**Task brief**
Once you find the line below that has "Un estudio de", output it and every line after it exactly, stopping after the line that has "完全一致モンスターアイアンクック: 守り人(まもり道Lv5)しましまキャット: ニンジャ(共通L...", with no pictures.

**Supplied entries**
========

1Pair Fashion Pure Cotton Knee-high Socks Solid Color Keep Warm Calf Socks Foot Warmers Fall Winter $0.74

========

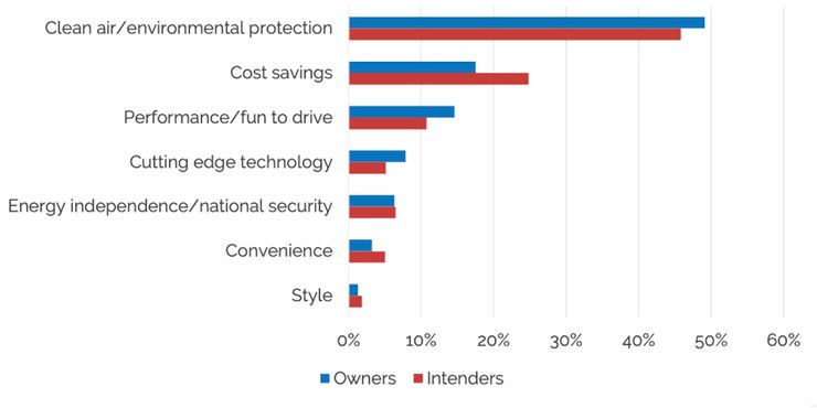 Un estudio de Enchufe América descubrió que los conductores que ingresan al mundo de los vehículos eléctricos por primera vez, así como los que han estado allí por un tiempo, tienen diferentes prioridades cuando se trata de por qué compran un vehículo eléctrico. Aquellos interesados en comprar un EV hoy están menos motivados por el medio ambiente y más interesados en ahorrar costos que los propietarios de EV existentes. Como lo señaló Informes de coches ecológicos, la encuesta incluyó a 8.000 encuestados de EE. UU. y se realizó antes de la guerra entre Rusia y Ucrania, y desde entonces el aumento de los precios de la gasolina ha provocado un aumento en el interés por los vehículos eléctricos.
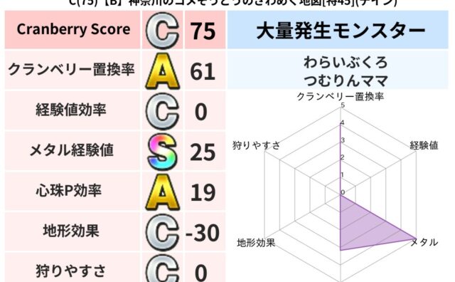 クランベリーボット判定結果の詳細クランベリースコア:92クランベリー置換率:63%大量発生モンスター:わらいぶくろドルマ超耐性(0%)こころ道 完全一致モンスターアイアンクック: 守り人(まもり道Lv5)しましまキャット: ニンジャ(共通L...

========

**Task answer**
 Un estudio de Enchufe América descubrió que los conductores que ingresan al mundo de los vehículos eléctricos por primera vez, así como los que han estado allí por un tiempo, tienen diferentes prioridades cuando se trata de por qué compran un vehículo eléctrico. Aquellos interesados en comprar un EV hoy están menos motivados por el medio ambiente y más interesados en ahorrar costos que los propietarios de EV existentes. Como lo señaló Informes de coches ecológicos, la encuesta incluyó a 8.000 encuestados de EE. UU. y se realizó antes de la guerra entre Rusia y Ucrania, y desde entonces el aumento de los precios de la gasolina ha provocado un aumento en el interés por los vehículos eléctricos.
 クランベリーボット判定結果の詳細クランベリースコア:92クランベリー置換率:63%大量発生モンスター:わらいぶくろドルマ超耐性(0%)こころ道 完全一致モンスターアイアンクック: 守り人(まもり道Lv5)しましまキャット: ニンジャ(共通L...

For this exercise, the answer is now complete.